Bitcoin’s price has changed a lot since then. In November 2021, one bitcoin was worth $69,000. In November 2022, its value was down to $21,000. 21 But how can something that was created out of nothing have any value? It’s partly scarcity: There will only ever be 21 million bitcoin in existence.
It also takes a lot of electricity to mine, or earn, bitcoin. Computers earn bitcoin by solving complicated math puzzles. The first computer to solve a particular puzzle wins the bitcoin, so miners compete against one another to run more, faster computers.22 That requires power! In one year, bitcoin uses as much energy as a small country like Malaysia.23 That doesn’t count other cryptocurrencies and blockchain technologies like non-fungible tokens (NFTs), digital certificates of ownership for online artworks and other content. Energy use is a very real cost that gives bitcoin some of its value, even as it emits over 24 million tons of CO2 every year, contributing to global warming.24
So far the value of bitcoin has risen and fallen so wildly that it hasn’t proven to be a good way to run an economy. Most Salvadorans don’t use it and most businesses don’t take it, even though they’re supposed to by law. But maybe that’s a good thing: A year after the government made it an official currency, bitcoin’s value was down by more than half! Cryptocurrency is still such a new technology that it’s hard to tell how things will look in the future. Will crypto become a useful currency or stay as it is, an investment with potentially high risks and rewards?
IN $ WE TRUST
Ultimately, every currency relies on trust. It’s ironic that currency is useful to us because we can use it to do business with people we’ve never met and that we have no reason to trust, but our entire money system would fall apart if we didn’t all trust in one important idea: that our money is worth something, whether it’s made of paper or binary code.

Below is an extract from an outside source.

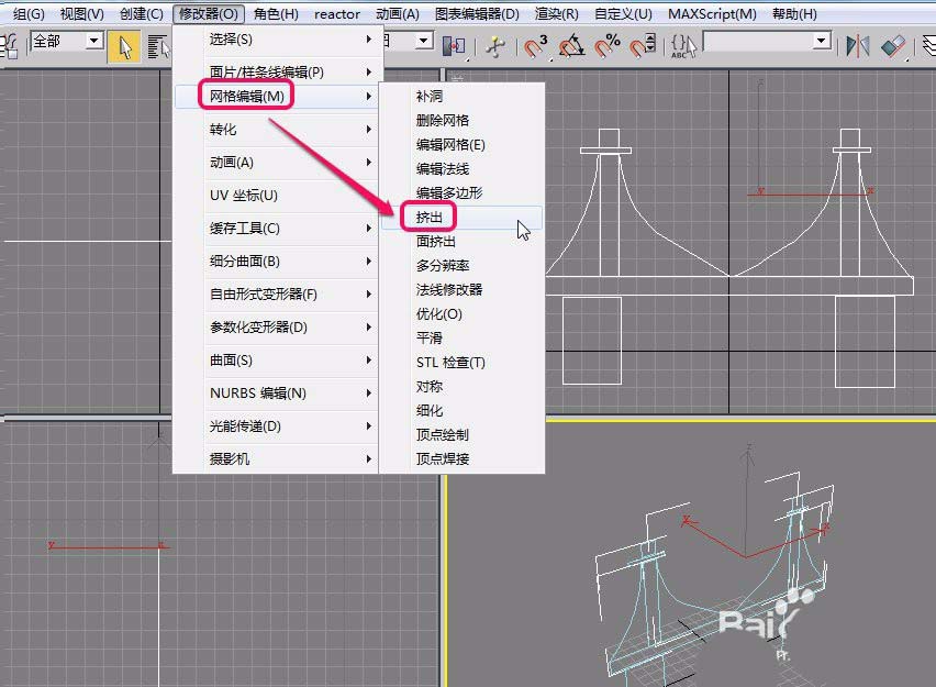 8、選擇“網格編輯”項中的“擠出”命令。

We all use money because we all believe everyone else will accept it and use it, too. As soon as people stop believing money is worth something—poof! It’s worthless. That’s pretty serious magic.
What about that pooping donkey money, though?
It was used briefly in parts of Germany around the First World War. The German economy was in such bad shape that a variety of notgeld, or “emergency money,” was printed on everything from foil to compressed coal dust to give Germans a way to pay for things. There were no computers at the time, so virtual money wasn’t an option.
The donkey was only one of many types of notgeld, some issued by the government and some by local towns and even by clubs. By 1924, Germany stopped allowing people to print and use notgeld, and the pooping donkey and its friends became collectors’ items, as they still are today.25
What happens to your currency when it’s not considered money anymore? In the case of the donkey notgeld, even the people who made the currency knew it wouldn’t be good forever. Below the donkey was printed as a joke about how anyone who used this money was a donkey, too.